We can use the following code to fetch bioactivity data for multiple adenosine receptor subtypes (A2A (P29274), A2B (P29275), A1 (P30542), A3 (P0DMS8)) at once.

In [1]:
from qsprpred.data.sources.papyrus import Papyrus

acc_keys = ["Q12809"]
dataset_name = "hERG_Dataset"  # name of the file to be generated
quality = "high"  # choose minimum quality from {"high", "medium", "low"}
papyrus_version = "05.6"  # Papyrus database version
data_dir = "../../tutorial_data"  # directory to store the Papyrus data
output_dir = "../../tutorial_output/data"  # directory to store the generated dataset

# Create a Papyrus object, which specifies the version and directory to store the payrus data
papyrus = Papyrus(
    data_dir=data_dir,
    version=papyrus_version,
    stereo=False,
    plus_only=True,
)

# Create subset of payrus data for the given accession keys, returns a MoleculeTable
mt = papyrus.getData(
    dataset_name,
    acc_keys,
    quality,
    output_dir=output_dir,
    use_existing=True,
    activity_types=["Ki", "IC50", "Kd"]
)
mt.getDF().head()

OSError: Papyrus data not available (did you download it first?)

By default, the method returns a `MoleculeTable` so if you want to turn it into a `QSPRDataset` for modelling, you have to use the `fromMolTable` helper method.

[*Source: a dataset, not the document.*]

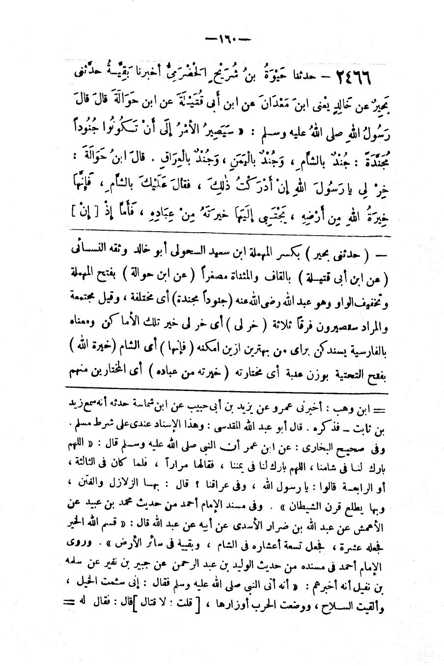 وفي صحيح البخاري عن ابن عمر أن النبي صلى الله عليه و سلم قال اللهم بارك لنا في شامنا اللهم بارك لنا في يمننا فقالها مرارا فلما كان في الثالثة أو الرابعة قالوا يارسول الله وفي عراقنا قال بها الزلازل والفتن وبها يطلع قرن الشيطان وفي مسند الإمام أحمد من حديث محمد بن عبيد عن الأعمش عن عبد الله بن ضرار الأسدى عن أبيه عن عبد الله قال قسم الله الخير فجعله عشرة فجعل تسعة أعشاره في الشام وبقيته في سائر الأرض وروى الإمام أحمد في مسنده من حديث الوليد بن عبدالرحمن عن جبير بن نفير عن سلمة بن نفيل أنه أخبرهم أنه أتى النبي صلى الله عليه و سلم فقال إني سئمت الخيل وألقيت السلاح ووضعت الحرب أوزارها قلت لا قتال قال فقال له
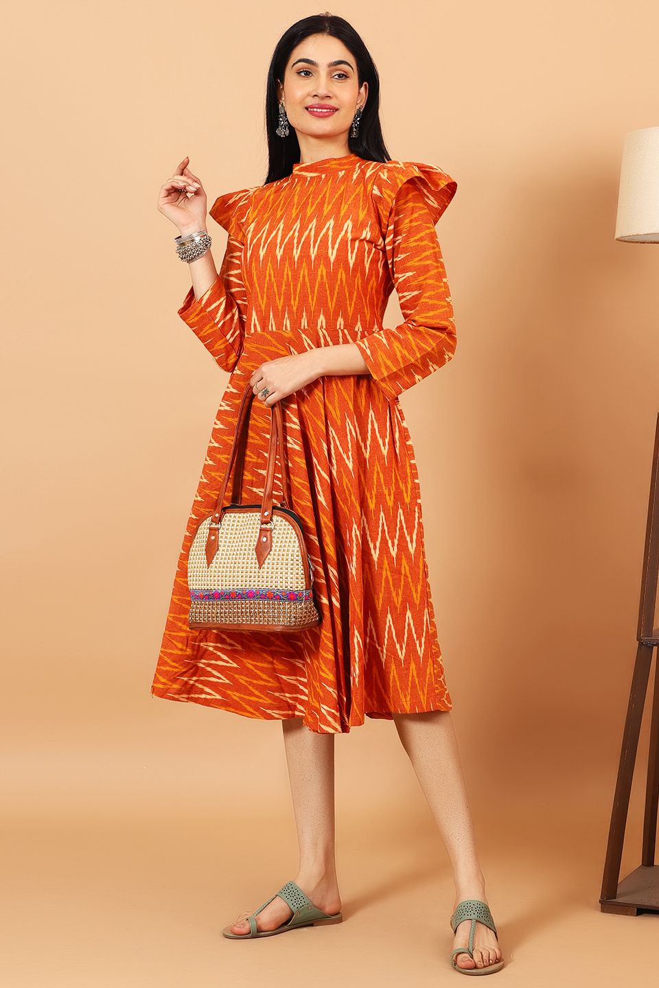 Ikat Orange Cotton Midi Dress

See the [data representation tutorial](data_representation.ipynb) for more details.


In [7]:
from qsprpred import TargetTasks
from qsprpred.data import QSPRDataset

target_props = [
    {"name": "pchembl_value_Median", "task": TargetTasks.SINGLECLASS, "th": [6.5]}]
ds = QSPRDataset.fromMolTable(mt, target_props=target_props)
ds.targetProperties

[TargetProperty(name=pchembl_value_Median, task=SINGLECLASS, th=[6.5])]